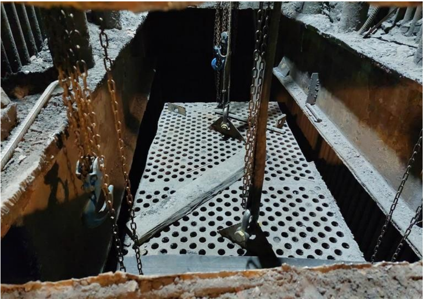
Фото 5 – Монтаж кубов
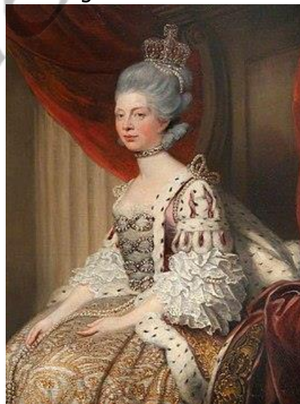
George III van het Verenigd Koninkrijk en Charlotte van Mecklenburg-Strelitz
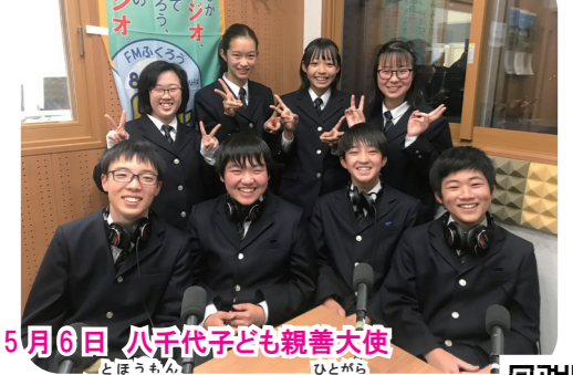
5月6日 八千代子ども親善大使 バンコク都訪問にて、国や人柄について感じたことやホームステイ等について
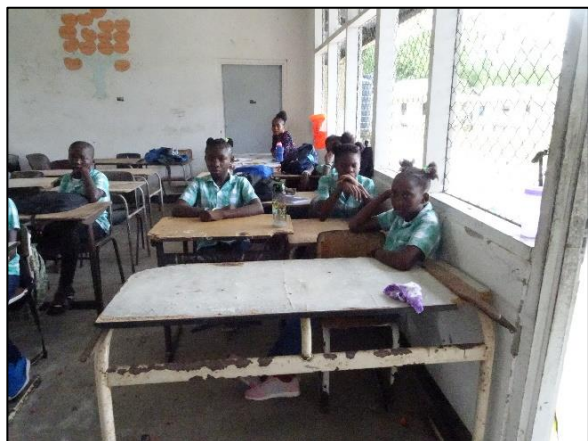
Leerlingen van basisschool Akontoe Velantie
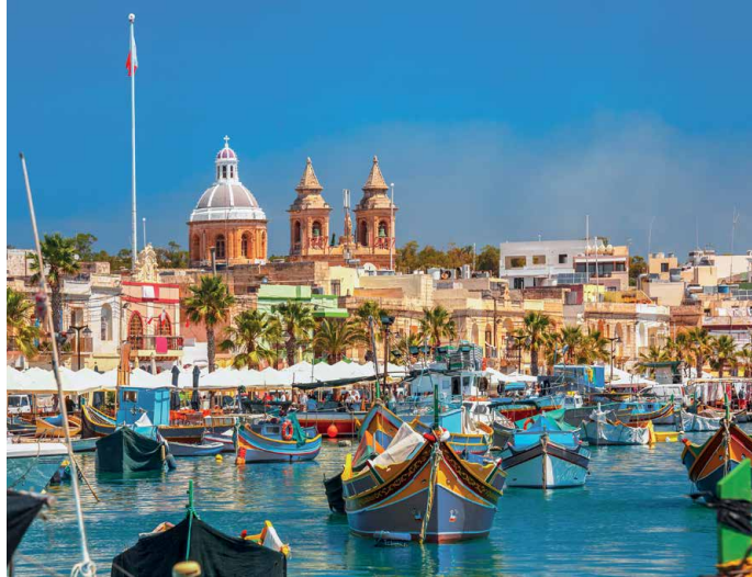
Mediterran - der Hafen von Marsaxlokk
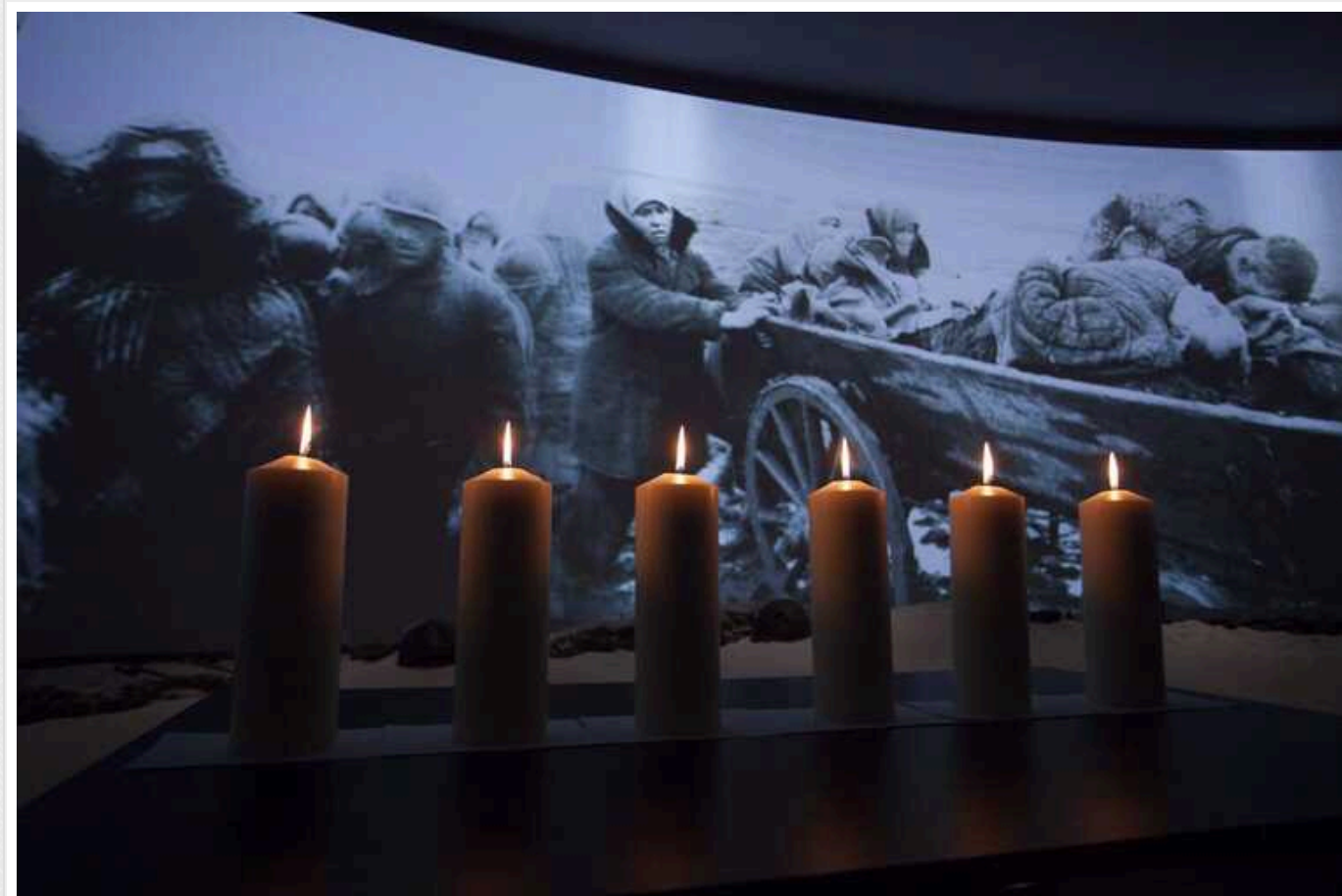
У Польщі обурилися через відеоролик Єврокомісії до Дня пам'яті жертв Голокосту: не згадали окупацію країн

Польщу обурило відео з профілю президентки Єврокомісії Урсули фон дер Ляен до Міжнародного дня пам'яті жертв Голокосту.

=====

__Work order__
Your answer should be an exact copy of the entries above, with no images included.

__Problem solution__
Фото 5 – Монтаж кубов
George III van het Verenigd Koninkrijk en Charlotte van Mecklenburg-Strelitz
5月6日 八千代子ども親善大使 バンコク都訪問にて、国や人柄について感じたことやホームステイ等について
Leerlingen van basisschool Akontoe Velantie
Mediterran - der Hafen von Marsaxlokk
У Польщі обурилися через відеоролик Єврокомісії до Дня пам'яті жертв Голокосту: не згадали окупацію країн

Польщу обурило відео з профілю президентки Єврокомісії Урсули фон дер Ляен до Міжнародного дня пам'яті жертв Голокосту.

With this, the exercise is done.